Having only the sparse information that Abigail Beverley was good
ton
and intelligent, Mrs Brochard immediately got her spies out to learn more and found out all about that disastrous wedding at Mannerling.
To this practical, hard-headed, and unemotional Frenchwoman, who had never been softened by any love, either for her late husband or for any of her ten children, eight of whom had died before the age of five years, it all seemed very straightforward. Abigail had not chosen her nephew’s bedroom by accident. She had deliberately set out to entrap him. Mrs Brochard also found out that there seemed to be so little of a dowry that it was practically negligible, and that confirmed her worst fears. She dug further and learned all about the Beverley obsession with their old home. At first she had sat down to pen a strong letter to her nephew telling him that she would have nothing to do with such a disgraceful family. But then she tore up the letter and with long, thin, beringed fingers dropped the scraps on the floor and sucked the end of her quill. Rupert of course would know every circumstance of the Beverleys and he was no fool, and yet he still wanted to marry this Abigail. So the poor man must be besotted. Opposition to the marriage would mean that he would simply find another chaperone for these disgraceful girls.
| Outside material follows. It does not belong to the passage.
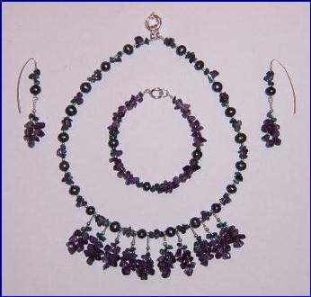Materials: 925 sterling silver 0.60mm-0.40mm wire, 3mm- 2mm beads, 12mm-9mm bolt ring clasps, 5.5mm close jump rings; cultured fresh water pearls, amethyst, malachite.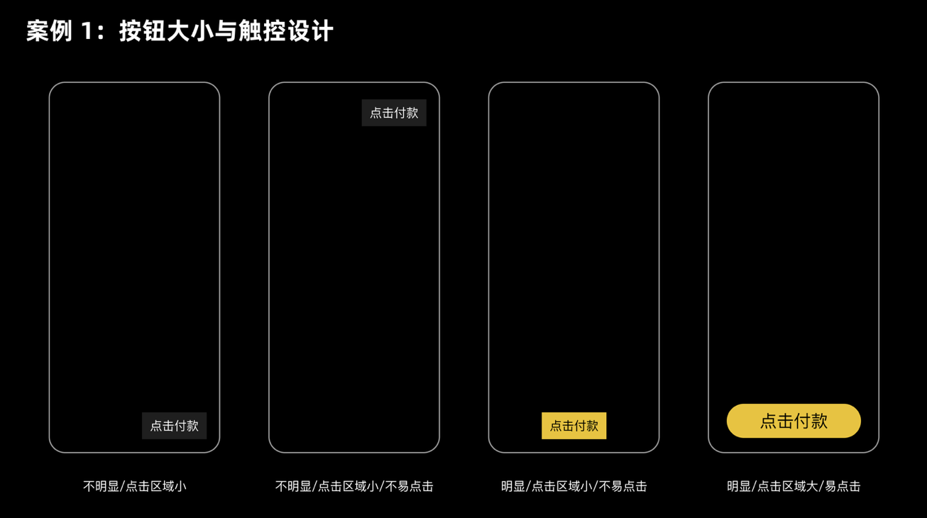 比如支付頁面的 “確認付款” 按鈕,幾乎所有 APP 都會把它設(shè)計成頁面中最大、最醒目的元素,不僅尺寸足夠,還會放在拇指容易觸及的區(qū)域(如手機下半屏)。這樣一來,用戶無需猶豫就能快速點擊,既減少誤操作風險,也間接提升了支付轉(zhuǎn)化率。

No, she must entertain them and appear pleasant on the surface and plot underneath.
Lord Burfield arrived to take up residence. Awaiting the arrival of the Beverleys, Mrs Brochard received a card from a Mr, Mrs, and Miss Makepeace, her butler saying they were asking for Lord Burfield.
Mrs Brochard tapped the card thoughtfully. She could send a message downstairs to say Lord Burfield was at his club. She knew
of
the Makepeaces, of course. She knew about everyone in society. The daughter was a great heiress. ‘Send them up,’ she commanded her butler.
Mrs Brochard adjusted her lace cap in the mirror and straightened her damask gown before turning to the door with a smile of welcome on her rouged lips.
When the Makepeaces entered, she said effusively, ‘Lord Burfield is at his club, but any friends of my nephew must be friends of mine. Welcome.’ She rang the bell. ‘Tea? Wine?’ They accepted the offer of tea.
When tea was served and the customary chit-chat about the Season was dealt with, Mrs Brochard said, ‘You are close friends of Burfield?’
‘We had the pleasure of being guests at his home,’ said Mrs Makepeace. She heaved a little sigh and Prudence dabbed at one dry eye with a wisp of handkerchief.
‘Your daughter is a diamond of the first water,’ remarked Mrs Brochard, her eyes sharpening. ‘ ’Tis a wonder some gentleman has not snapped her up.’
‘Prudence was engaged but her fiancé was killed,’ said Mrs Makepeace. ‘Recently, we did think we had found the perfect match for her . . . but, alas, it was not to be.’
‘Was it Burfield you intended for your daughter?’ asked Mrs Brochard bluntly.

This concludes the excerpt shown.